Printing unit according to one of Claims 1 to 3,
characterized in that
the transfer apparatus (16) has a corona unit which is arranged in the region of the side of the transfer belt (14) facing away from the transfer zone (17).
Printing unit according to one of Claims 1 to 7,
characterized in that
the transfer apparatus (16) has two deflection rolls (12) which are spaced apart from each other, roll on the substrate (30) with the interposition of the transfer belt (14) and between which the transfer apparatus (16) is arranged.
Printing method using a printing unit having a photoconductor (10) which rolls on a transfer belt (14) and, in the process, transfers toner to the transfer belt (14) in a transfer region (11), it being possible for the transfer belt (14) to be brought into contact with a printing area (31) to be printed of a substrate (30) in a transfer zone (17) in order to transfer the toner and, in a transfer apparatus (16), an electric charge being generated on the rear of the transfer belt (14), facing away from the transfer zone (17), and the charge generated by the transfer apparatus (16) having the same polarity as the charge of the toner.
Printing method according to Claim 9,
characterized in that
the transfer apparatus (16) generates a high-frequency alternating current charge with a superimposed direct current charge, the direct current charge having the same polarity as the charge of the toner.
Printing method according to Claim 9 or 10,
characterized in that
the transfer apparatus (16) is formed by at least one deflection roll (13) arranged in the transfer zone (17).
Printing method according to Claim 11,
characterized in that
the charge of the transfer apparatus (16) is generated on the outer side of the deflection roll (13), the inner side of which rolls on the transfer belt (14).

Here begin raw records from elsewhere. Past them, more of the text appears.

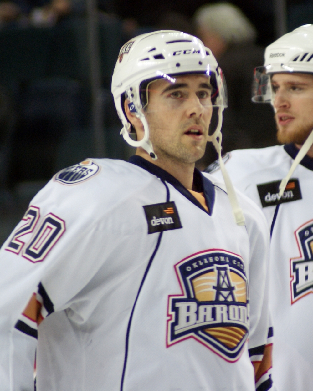 Brad Moran, born March 20, 1979 in Abbotsford, British Columbia, is a Canadian professional ice hockey forward. He was selected by the Buffalo Sabres in the 7th round, 191st overall, of the 1998 NHL Entry Draft. He has played in the National Hockey League (NHL) with the Columbus Blue Jackets and Vancouver Canucks. Photo was taken on February 18, 2011 during an American Hockey League (AHL) regular season game.
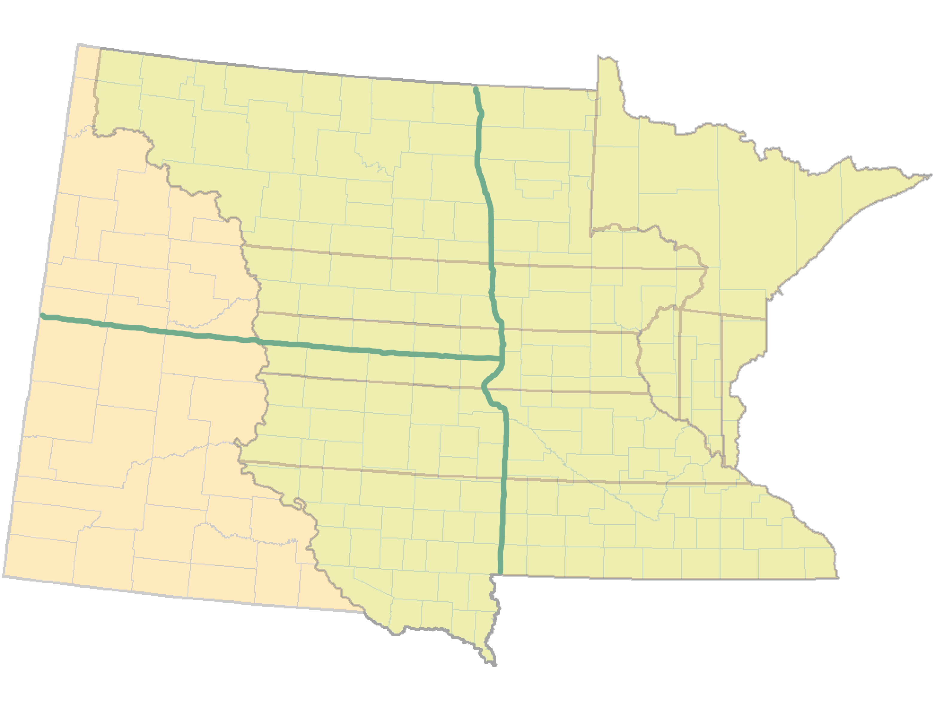 Minnesota Territory: 1849 to 1851
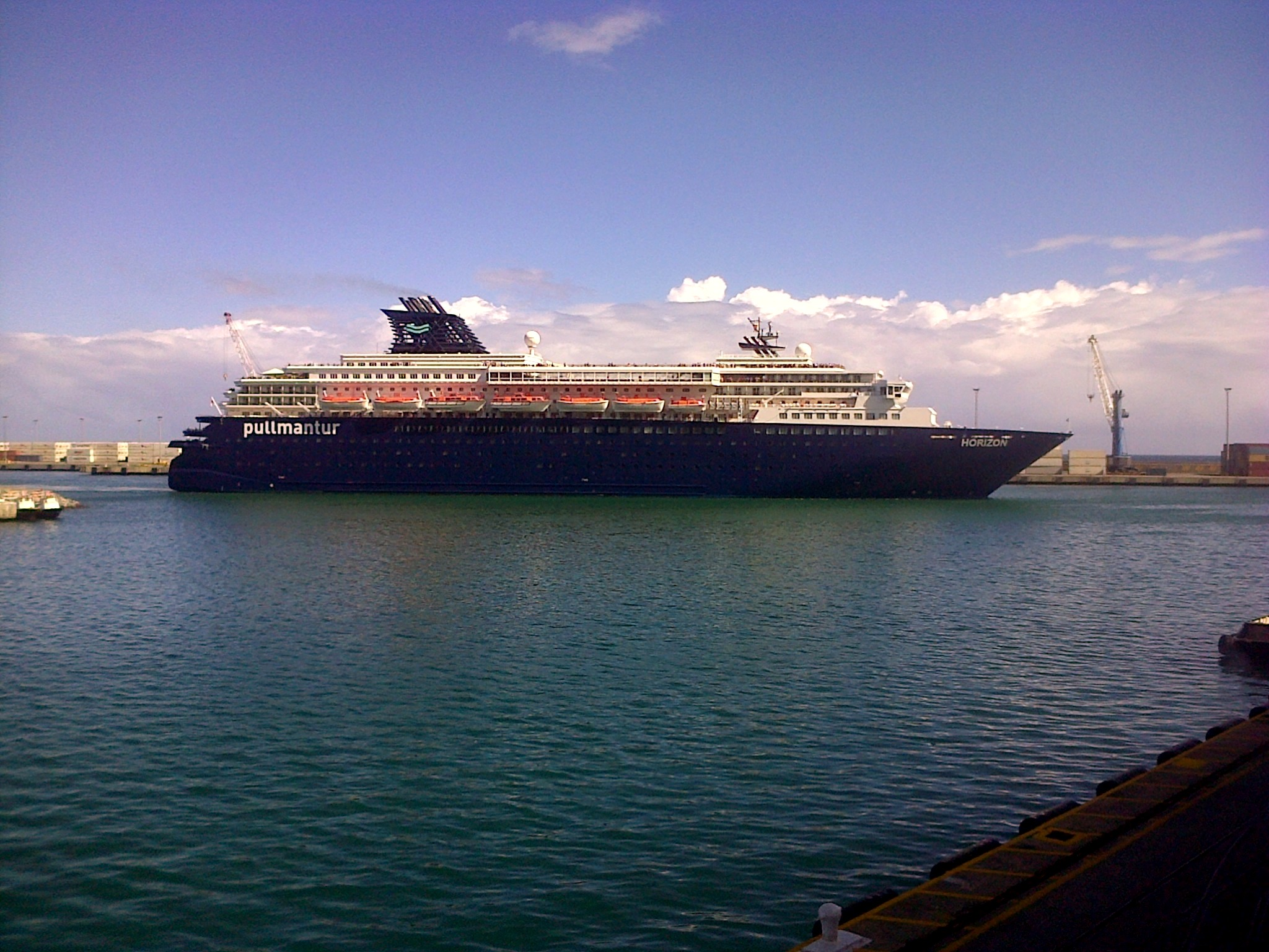 Horizon Arriving at the Port of La Guaira.
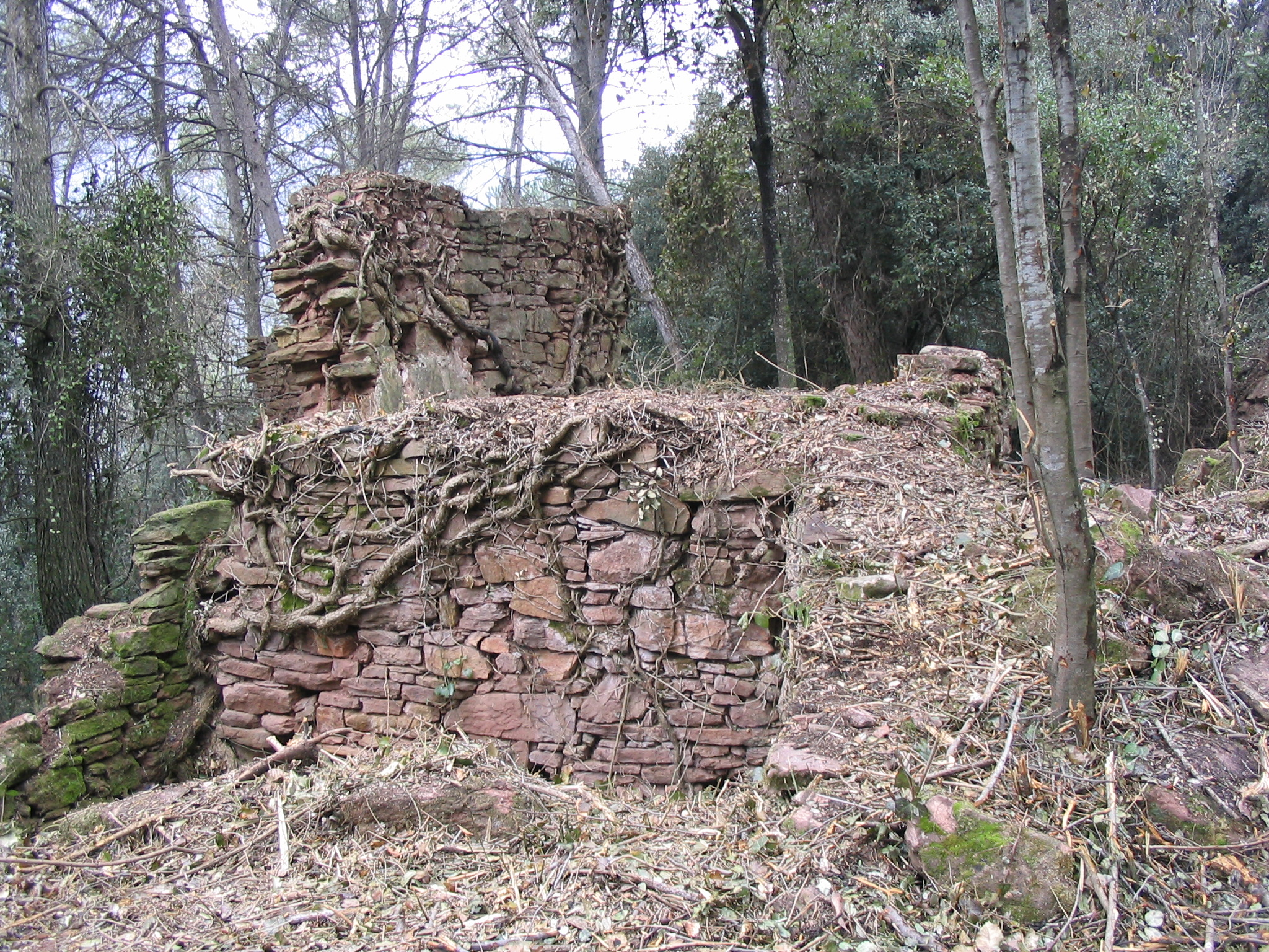 Cal Frare del Serrat, Ruins, XVII century, Tagamanent (Catalonia)

Printing method according to either of Claims 9 and 10,
characterized in that
the transfer apparatus (16) is formed by a corona unit which acts on the rear of the transfer belt (14), facing away from the transfer zone (17).
Printing method according to one of Claims 9 to 13,
characterized in that
the toner is present on the transfer belt (14) with a proportion of resin in the range between 10% by weight and 90% by weight, preferable 25% by weight and 70% by weight.
Printing method according to one of Claims 9 to 14,
characterized in that
the toner is transferred in the transfer zone (17) in such a way that the thermoplastic or thermosetting constituents of the toner are not melted or cross-linked (dry toner transfer)
Printing method according to one of Claims 9 to 15,
characterized in that
the toner is transferred with a layer thickness ≥ 20 µm.
Printing method according to Claim 16,
characterized in that
a layer thickness of ≤ 100 µm is printed.
Printing method according to one of Claims 9 to 17,
characterized in that
a plurality of toner layers are printed successively over one another, in order to produce a three-dimensional object (rapid prototyping or manufacturing).
Printing method according to Claim 18,
characterized in that
fixing of the application of toner is carried out between the individual printing steps or a sequence of printing steps.